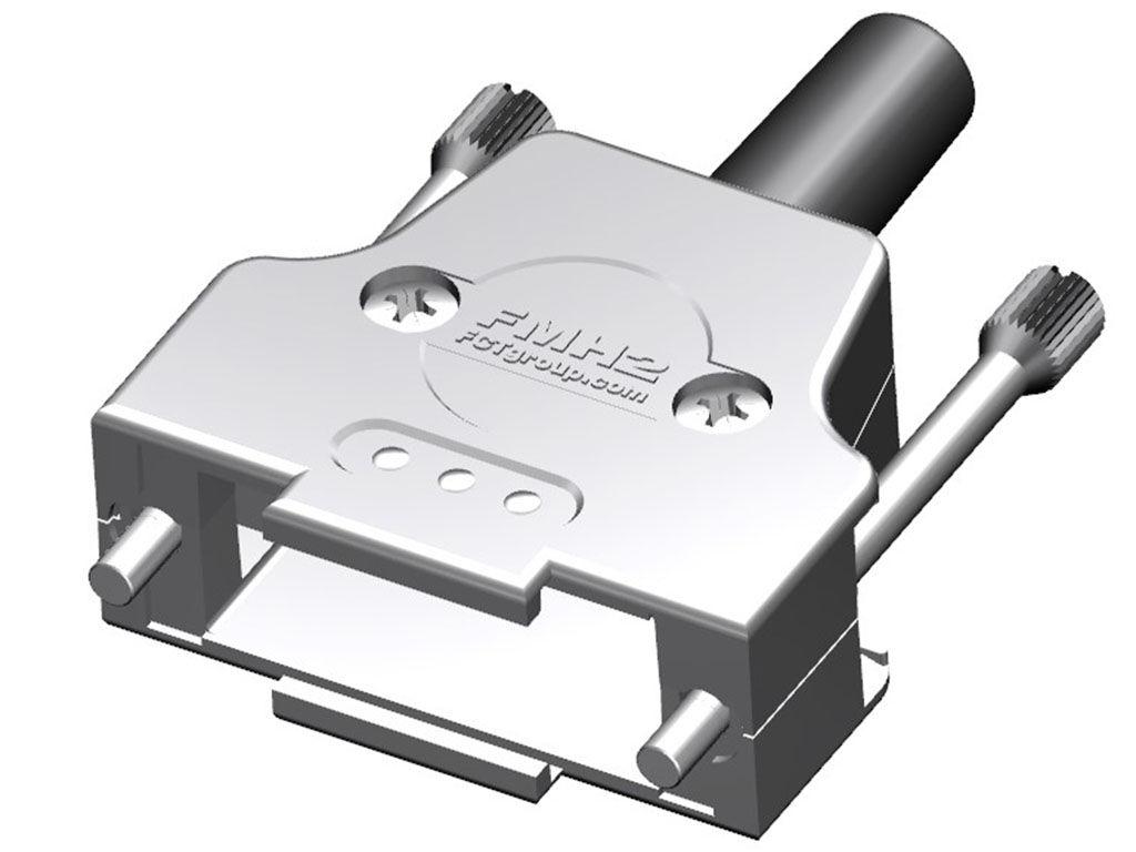 FCT Metal Backshell for D-Sub Connector, Shell Size 2, Straight Cable Outlet, with Rubber Bushing, 4-40 UNC Knurled Thumb Screws, and 4-40 UNC Locking Screws
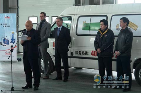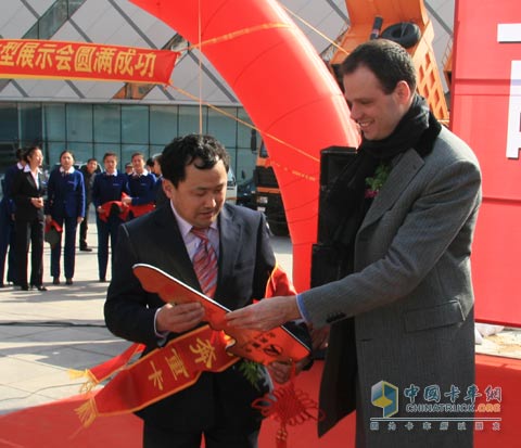 海沃(揚(yáng)州)有限公司產(chǎn)品總監(jiān)Peter先生向北奔自卸車用戶交接金鑰匙
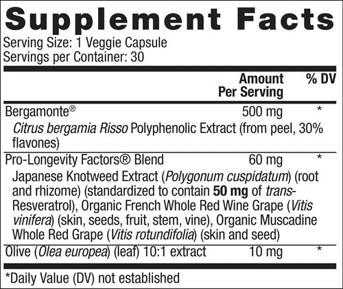 Pro-Longevity Factors® Blend: Our proprietary blend with organic red grapes from the heart of France and Resveratrol from wildcrafted Japanese Knotweed promotes healthy cellular productivity.*
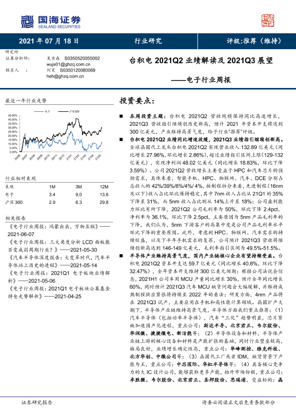 【国海证券】【20210718】20210718-国海证券-电子行业周报:台积电2021Q2业绩解读及2021Q3展望-22页
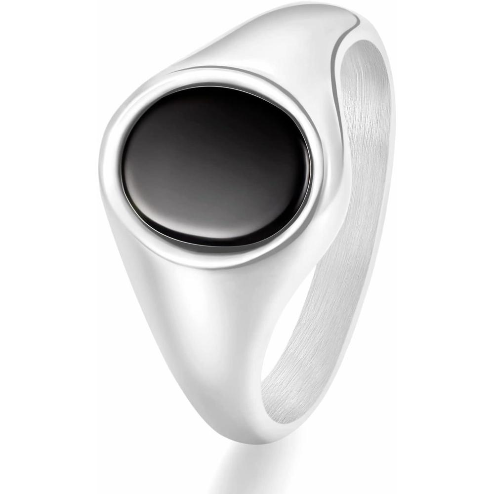TRUMIUM 18K Gold Plated Signet Rings for Men Women Black Onyx inlay Silver Gold Wedding Bands Lightweight Thick Statement Ring Comfort Fit Size 7-13(Oval Silver Plated)
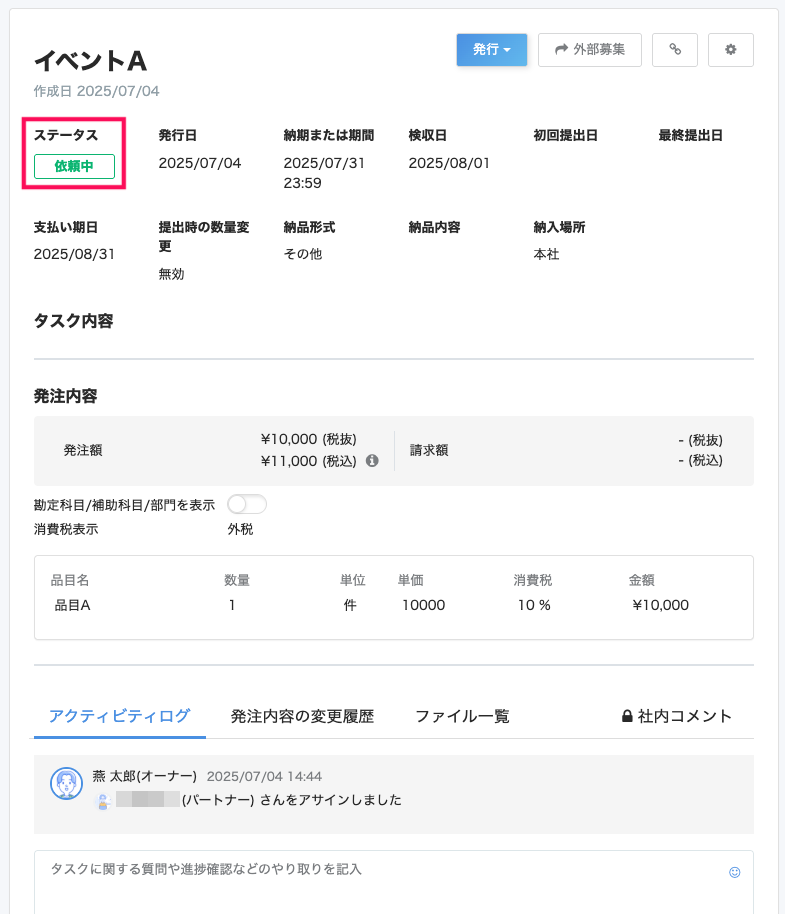 | メーカー | ペル様ご確認様ページ 企業ユーザー】タスクを依頼・検収する |

————————

*Your goal*:
The answer is the listing above restated word for word, pictures removed.

*Answer box*:
 FCT Metal Backshell for D-Sub Connector, Shell Size 2, Straight Cable Outlet, with Rubber Bushing, 4-40 UNC Knurled Thumb Screws, and 4-40 UNC Locking Screws
 海沃(揚(yáng)州)有限公司產(chǎn)品總監(jiān)Peter先生向北奔自卸車用戶交接金鑰匙
 Pro-Longevity Factors® Blend: Our proprietary blend with organic red grapes from the heart of France and Resveratrol from wildcrafted Japanese Knotweed promotes healthy cellular productivity.*
 【国海证券】【20210718】20210718-国海证券-电子行业周报:台积电2021Q2业绩解读及2021Q3展望-22页
TRUMIUM 18K Gold Plated Signet Rings for Men Women Black Onyx inlay Silver Gold Wedding Bands Lightweight Thick Statement Ring Comfort Fit Size 7-13(Oval Silver Plated)
 | メーカー | ペル様ご確認様ページ 企業ユーザー】タスクを依頼・検収する |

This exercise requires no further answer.